Which CDH release will include Spark 1.4.x?

Solved Go to solution

Which CDH release will include Spark 1.4.x?

Rising Star

Does anyone which CDH release will include/support Spark 1.4?

If so, any timetable?

 

1 ACCEPTED SOLUTION

Accepted Solutions

Re: Which CDH release will include Spark 1.4.x?

Master Collaborator

If it were me, I'd download the source for 1.4.0 and build for the exact CDH artifacts to be safest. See http://spark.apache.org/docs/latest/hadoop-third-party-distributions.html  Then just try running the local copy of bin/spark-shell etc from that distribution. You need to use YARN masters. I won't 100% guarantee that works but see no reason it wouldn't. The build flags are probably like -Phadoop-2.6 -Dhadoop.version=2.6.0-cdh5.4.3 -Pyarn

6 REPLIES 6

Re: Which CDH release will include Spark 1.4.x?

Master Collaborator

Presumably CDH 5.5, since a new minor release is needed to update a minor release of a component in general. There aren't timeframes for this, but you can see CDH is typically on a 4-6 month minor release cycle and 5.4 was out 2 months ago.

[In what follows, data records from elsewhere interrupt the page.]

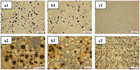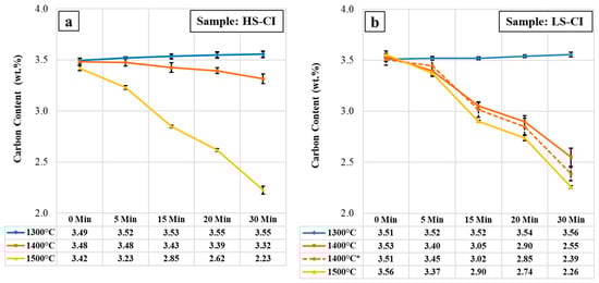 The results in Figure 1 also indicate that both studied samples manifested a reduction in carbon content from approximately 3.5% to as low as 2.2% at a temperature of 1500 °C within 30 min. A comparable decreasing tendency was also detected at 1400 °C, despite the LS-CI indicating a higher degree of carbon reduction than the HS-CI, measured at approximately 2.5% and 3.3%, respectively. An additional LS-CI sample melted in an alumina-based crucible at 1400 °C indicated a similar tendency of carbon reduction, as shown in Figure 1b. In contrast to those decreasing trends, a constant concentration of carbon was observed at 1300 °C for both samples during the 30-minute holding process.
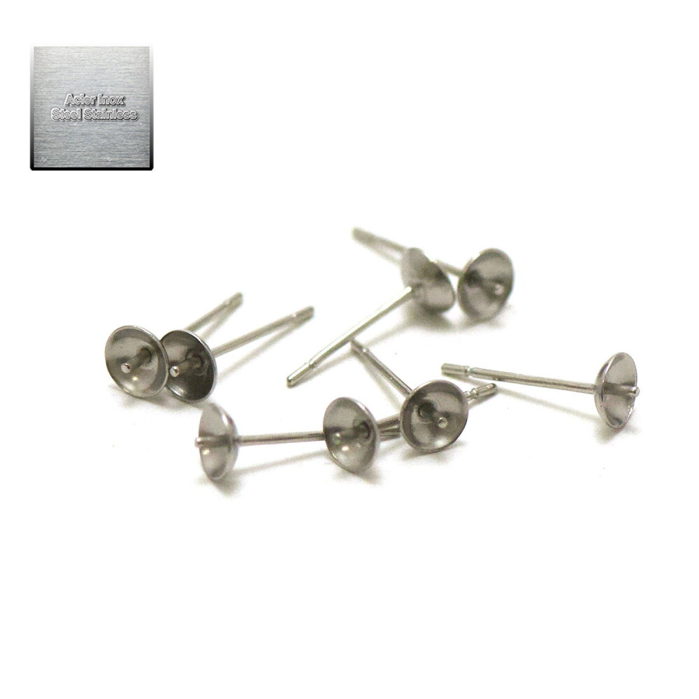 20 supports rond puces d'oreille 5 mm en acier inoxydable, steel stainless
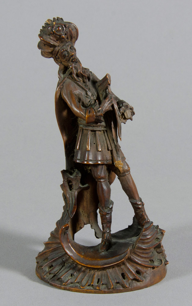Piccola scultura in legno raffigurante personaggio. Tirolo, XVIII secolo. H. cm. 13,5.
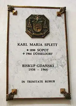 Splett succeeded Edward O'Rourke as the head of the Roman Catholic Diocese of Danzig in 1938. While the Nazis, who had ruled the Free State of Danzig since 1933, tried to install their own candidate, Paul Schütz, as successor of Bishop O'Rourke, Splett was appointed as bishop by the pope. Splett also refused to appoint Schütz as vicar general, as demanded by the local Nazis.[6] Zofia Waszkiewicz claims that he was supported by Forster, who became his protector.[7][8]
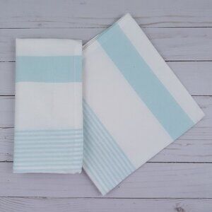 Fabric Dinner Napkins Striped Teal White 18x18 Set of 4
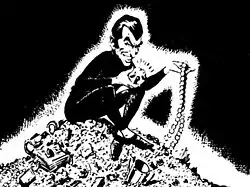 "The Dwarf" was among the new storylines devised for the comic, and was drawn by the experienced Tom Kerr.[2] The strip was unusual due to the Dwarf frequently directly addressing the audience, a device usually used in humour strips rather than adventure material. Most weekly episodes ended with a frame of the Dwarf gently taunting the readers - or, as the character often called them, "multitude" with his success and his plans to commit another daring crime the next week.[3]
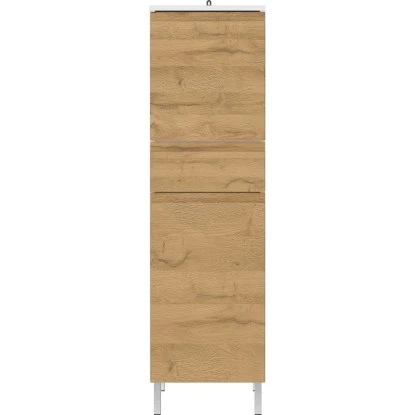 Um das Badezimmer oder Gäste-WC in eine wahre Wellness-Oase zu verwandeln, eignen sich die Möbel aus diesem Badprogramm perfekt. Dank seiner Korpusse in Weiß und Fronten in Eiche überzeugt das Programm mit seiner Gemütlichkeit und natürlichen Optik. Grifflose Fronten setzen die Möbel perfekt in Szene und sorgen für ein hohes Maß an Modernität. Darüber hinaus geben hohe und zugleich schmale Füße aus Metall in der Farbe Silber den Standelementen eine gewisse Leichtigkeit.
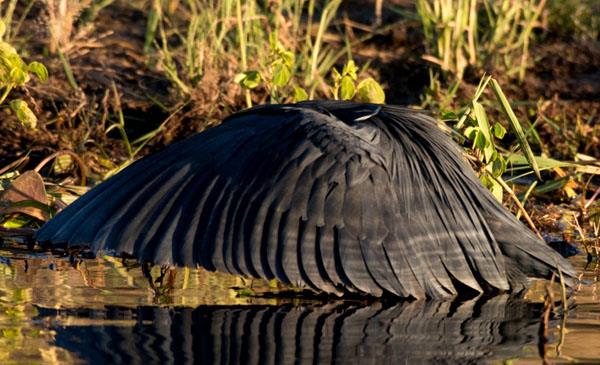 頭體長42-66cm,翼展90-95cm。體羽黑色,腿和腳黃色。黑喙長而尖直,翅大而長,腳和趾均細長,脛部部分裸露,體羽疏松,具深色條紋。背和前頸下部具有絲狀蓑羽。胸前有飾羽,頭頂有的有冠羽,在繁殖期時,這兩部分是重要的炫耀特征。腿部被羽,腳三趾在前一趾在后。

Re: Which CDH release will include Spark 1.4.x?

Master Collaborator

PS I should say too that you should be able to use 1.4 with CDH 5.4 and have it generally work; this requires a little bit of understanding of how to get a build on a machine and run from that build, but otherwise it's a YARN app and modulo some dependency issues at the edge maybe, should just work.

Re: Which CDH release will include Spark 1.4.x?

Rising Star

That's even better!

I could give a try, at least for my Lab environment.

Could you please provide some info, links, docs, blogs how this could be done?

 

Re: Which CDH release will include Spark 1.4.x?

Master Collaborator

If it were me, I'd download the source for 1.4.0 and build for the exact CDH artifacts to be safest. See http://spark.apache.org/docs/latest/hadoop-third-party-distributions.html  Then just try running the local copy of bin/spark-shell etc from that distribution. You need to use YARN masters. I won't 100% guarantee that works but see no reason it wouldn't. The build flags are probably like -Phadoop-2.6 -Dhadoop.version=2.6.0-cdh5.4.3 -Pyarn

Highlighted

Re: Which CDH release will include Spark 1.4.x?

New Contributor

I had tried this but seemed to have some trouble in using things like pyspark, etc. - is there a gist or something somewhere with exact steps for CDH?

I will try again and post what I did.

Re: Which CDH release will include Spark 1.4.x?

Rising Star

Greta, thank you for your quick response!

Hoping to have CDH 5.5 released sooner than 4-5 months :-)